DK: We’ve divided the state into regions, and so here in Region 8 is the Los Angeles County area. We have a contractor—California Community Foundation—and they’ve really done a great job looking at the data and then identifying partners because they’ve been involved in L.A. a lot. And they’ve been funding partners on the ground to talk about it right now. This time around, we’re doing an education component. We’re also identifying what I call the grass-top leaders, so maybe not all the way down to the ground just yet, but folks that are leaders and movers and shakers in the community to let them know why it’s so important.
Then, as we move into Spring—from January and February to March of 2020—that’s when the education starts to move in to motivate and activate. That’s when we want everyone on the ground – from high school students all the way to our elder folks – to understand and be ready to respond.
So, the efforts we’re doing right now are focusing on the importance, and it’s really about two things. It’s about power and it’s about it’s about money. We talked a little about power, about being heard when it comes down to it. And it might be a little bit nerdy, but it’s our Congressional representation, too. So, we could lose a seat or two—very serious—if we’re not counted and they don’t know where we are. It all depends on the response of other folks.
And it’s about money. People say “Oh! It’s about $1,000 per person, per year!” But what does that actually mean? The way I think about it when I talk to my 16-year-old daughter is: What if she, for a semester, didn’t have a chair to sit in, or a desk to sit at during her math class at this public high school? If they don’t know we’re here, if we forget children – and children 0-5 have often, in the past three decades, been missed for a number of reasons.
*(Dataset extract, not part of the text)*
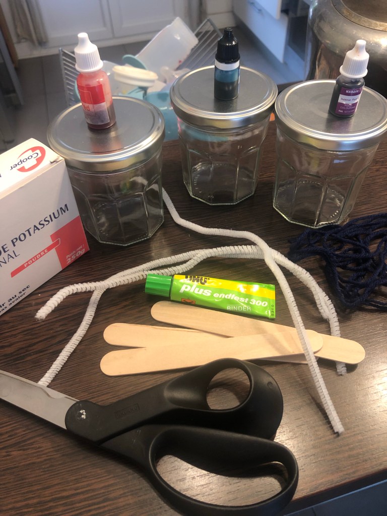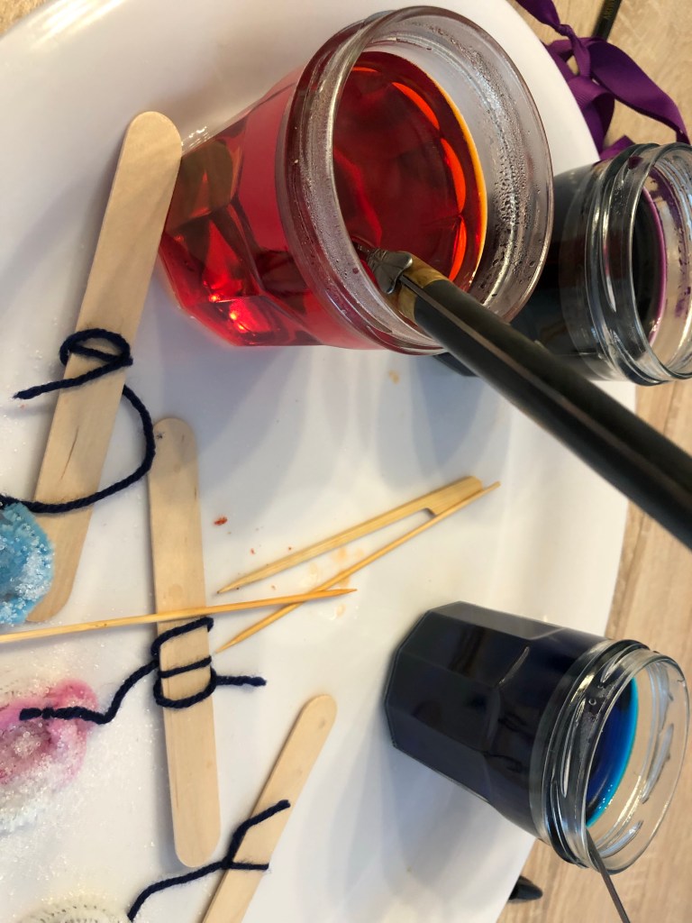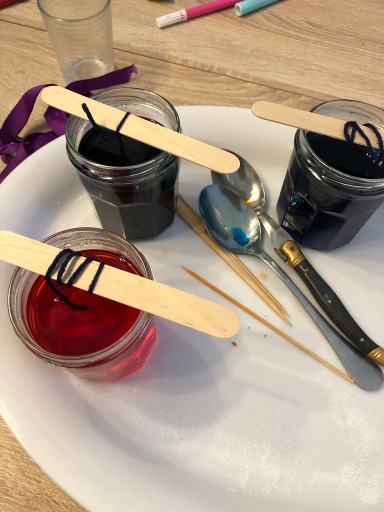 Y versez de l’eau obligatoirement portée à ébullition et ajoutez le colorant. Nous avons choisis de faire trois couleurs.
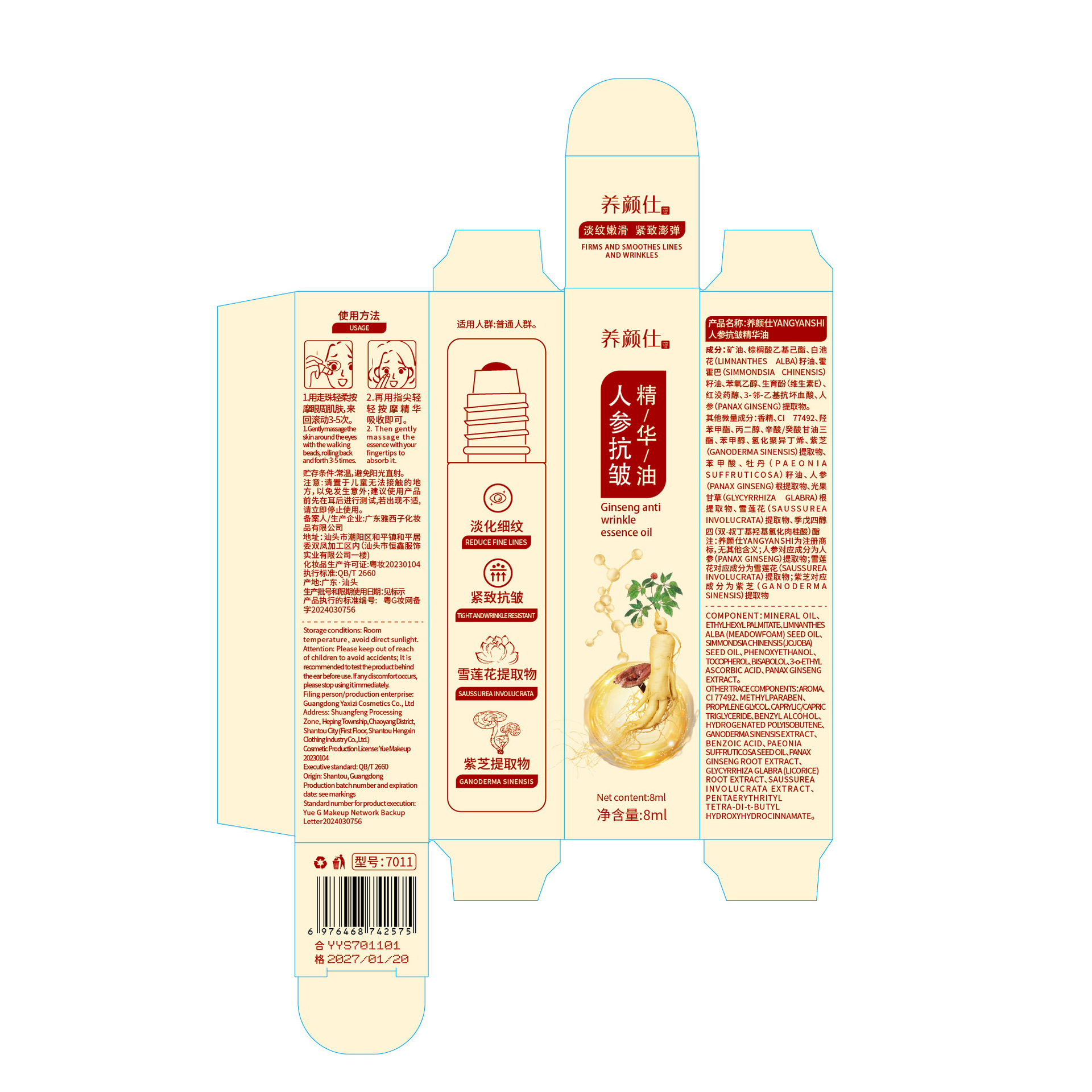 | nameOriginal | Skin care ginseng Anti-Wrinkle Essence Oil anti-wrinkle firming moisturizing fade fine lines dark circles eye essence oil |

A child that is born in 2020 will be in 5th grade in 2030, and if they’re missed, will they have a seat or will they have to sit on the ground?
So, in terms of money, it’s about health clinics. Will that health clinic be located close enough? I always talk about how a friend’s dad had a stroke, and he had to travel 10 extra minutes to get to a hospital because there wasn’t one close enough, and those 10 minutes can make a difference between life and death or being disabled or being able to heal. So, in terms of health care, in terms of schools, our education, in terms of traffic, everyday traffic, the roads are getting worse and worse, but if we don’t know, we’re unable to plan for how many people are going to have cars. It has everyday impact on our lives.
CBM: Let’s talk more about the fear factor. For instance, in the Black community, you may have someone with Section 8 (housing assistance), or people who may have formerly incarcerated persons, still in the system, living in their homes. One big issue is the trust factor with the Black community. People are like, “We’re not telling the government anything!” How have you all been able to get your message to permeate that attitude?
DK: There are different trust issues for different communities. At the end of the day, for me, even if technology is really quick, it’s really that face-to-face, that person-to-person communication that is most important. That’s human nature and that doesn’t change. That’s why the investment that we put out there has been to make sure that people in the community, whether it be faith-based, whether it be service-based – your hair stylist, your nail technician – whether it be community members that you already deal with, or even your healthcare professional in your clinic. We want to go where people go already in the community and we want them to be trusted. A part of that is being able to tell people that Title 13 guarantees privacy.
People are like, “Well, why do they need to know my name? Why do they need to know all this stuff?” And I think about it and it seems kind of invasive, but they do keep it private. No enforcement agency, federal, local, or anything, can get that data, so it’s safe.
View the Census as a snapshot in time, like those coffee table books, and if you’re not counted, you’re missed. And then, to quote my favorite play “Hamilton,” “who will tell your story if you don’t?” So it’s to up to us to rise up, to be counted, and to be able to put a stake in the ground to say “I’m here, and there’s no reason why I shouldn’t be recognized and counted.”